West is forever blowing bubbles

In: Uncategorized

7 Mar 2011

This is my latest weekly comment from Fund Strategy.

For anyone who remembers the investment world of the 1990s there are clear signs suggesting a technology bubble could be inflating.

Not only is it fund managers’ favourite sector, judging by the latest Bank of America Merrill Lynch survey, but recent deals have the whiff of what came to be known as TMT (technology, media and telecoms).

Last week’s acquisition of a 10% stake in Twitter by a JPMorgan fund, reportedly valuing the information network at $4.5 billion (£2.8 billion) was the latest such deal.

It followed a similar investment by Goldman Sachs in Facebook and AOL’s takeover of Huffington Post, a news and opinion site, for $315m.

There was also the huge importance that western pundits attached to social networking sites in the recent Middle Eastern protests.

Although this excitement was not directly connected to the stockmarket it exhibited a breathlessness about the impact of information technology that was reminiscent of the 1990s.

However, there are two reasons to believe that history is not repeating itself.

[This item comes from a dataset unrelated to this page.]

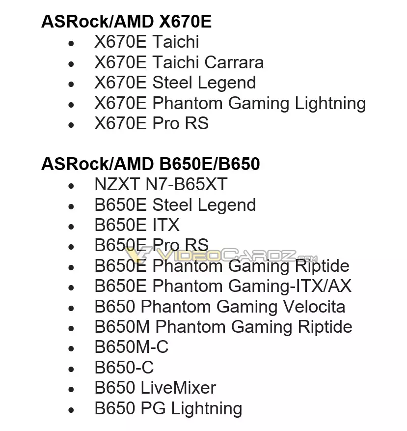 Az ASRock kínálatában már többféle B650E lapkakészlettel szerelt alaplap is lesz, ugyanis nem kevesebb, mint ötféle ilyen modell piacra dobását tervezi a gyártó, mellettük pedig hét darab B650-es alaplapból is választani lehet. Ezek a termékek a már megszokott Pro, Phantom Gaming, PG Riptide, illetve PG Velocita sorozatokban kapnak helyet, de új neveket is használ majd a gyártó, amelyek között a LiveMixer és a PG Lightning foglal helyet. Mivel az ASRock gyártja az NZXT alaplapjait is, egy NZXT márkanévvel ellátott termék is szerepel a listán.

First, today’s hype is a long way from the crescendo levels that preceded the crash of 2000.

Back then it was common to hear that the New Economy, transformed by information technology, was set for a golden era of continuous expansion. A strongly rising stockmarket was seen as part of the story.

More fundamentally, the idea that there was a technology bubble in the 1990s is a misconception. It would be more accurate to say there was a financial bubble that happened to find its way into the technology sector.

It was preceded by an Asian bubble in the run-up to 1997 and was followed by one in the American housing market.

Bubbles are never far away in these times of economic atrophy in the developed world.